Multi-Asset Liquidity Pools

An evolution of NFT liquidity pools

We are pushing the boundaries of NFTfi technology and have invented a novel concept never before seen in all of crypto - the multi-asset liquidity pool.

What is a multi-asset liquidity pool?

A multi-asset liquidity pool consists of multiple NFT collections (which have distinct values themselves) paired with a given token. Based on the estimated market value of each of the underlying collections, the pool has a certain target ratio for each of the NFT collections.

How does the protocol work?

Let's use one of our existing multi-asset liquidity pools as an example.

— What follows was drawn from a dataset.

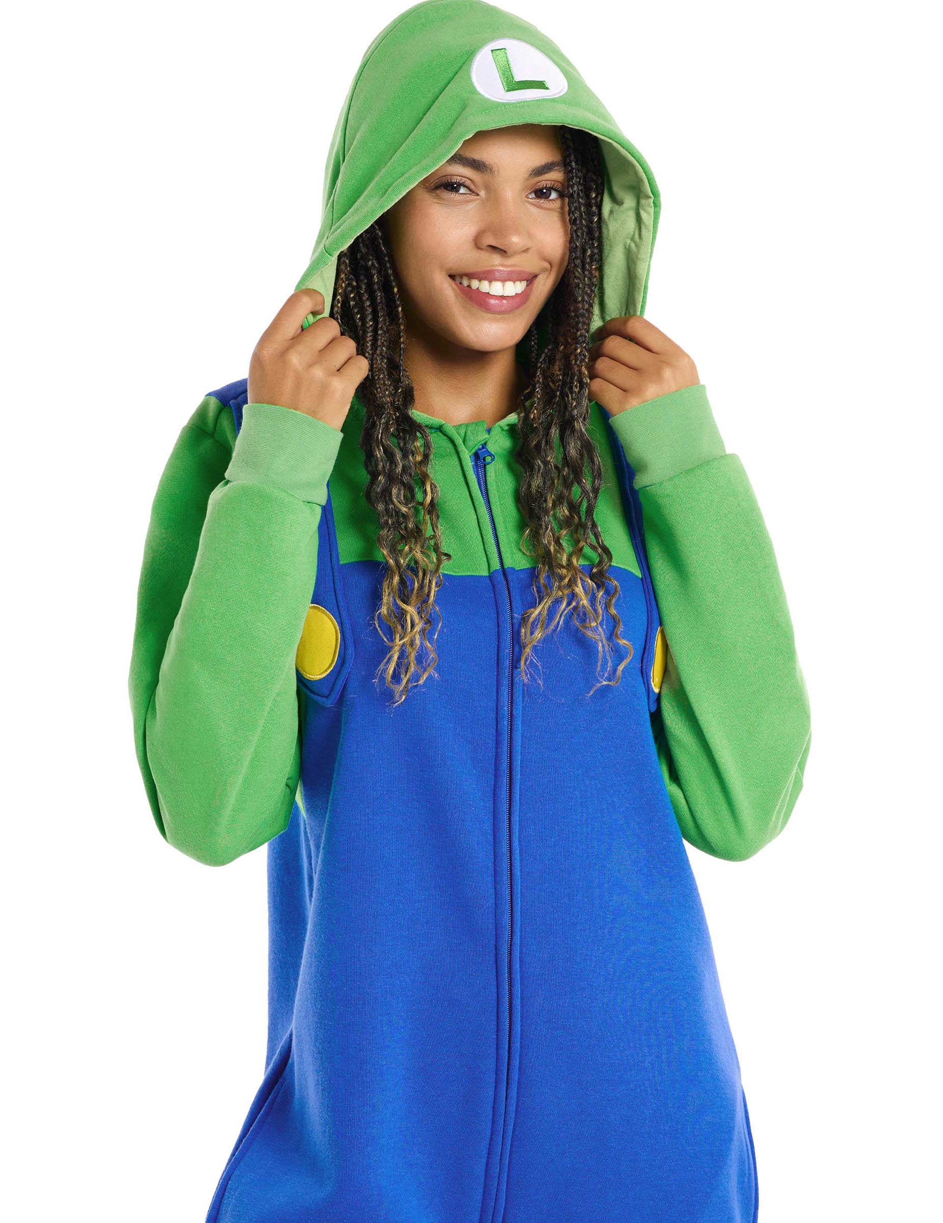 Tato kombinéza Luigi™ pro dospělé přebírá ikonické barvy postavy se zelenou mikinou s kapucí a modrou částí ve stylu laclových kalhot pro okamžitě rozpoznatelný vzhled.

We have a multi-asset liquidity pool with the following NFT collections paired with $CSWAP token:

Toolheads - Target : 36% Tappy - Target: 28% Clay Nation - Target: 20% SpaceBudz - Target: 10% The Ape Society - Target: 5%

Unlike a conventional NFT liquidity pool, where a user gets to choose what they get, the user uses a certain amount of $CSWAP to play the pool ("roll the dice") and win a random NFT out of the pool. This gives $CSWAP a strong initial utility as it can literally be used to win NFTs out of the multi-asset liquidity pools, which themselves have ADA value associated with them.

Similarly, users can use these liquidity pools to play the sell side of the game - 'dump' their NFTs for $CSWAP, which is roughly related to the market value of those NFTs. $CSWAP can be either used to play other pools, or used in other parts of the CSWAP ecosystem (Our goal is to allow users to stake $CSWAP for platform fee sharing on CSWAP's upcoming fungible DEX).

Creating new financial opportunities

Whenever there's a gap in price between multiple platforms, and there is natural price volatility, this inherently creates trading and arbitrage opportunities for users where they can actually make effectively risk-free trades between the platforms.

Multi-asset liquidity pools offer a new venue for people to find new ways to extract value.

For example, trading and arbitrage opportunities can be created when:

  • The price of an NFT goes up on one marketplace while being stagnant on another

  • The value of $CSWAP in the pool changes

  • People buy/sell in/out of the CNFT's regular NFT pools or multi-asset liquidity pools

  • If someone wins an NFT out of the pool, and the pool happens to be short on that asset, it will offer more CSWAP for that particular collection as it has a higher desirability factor.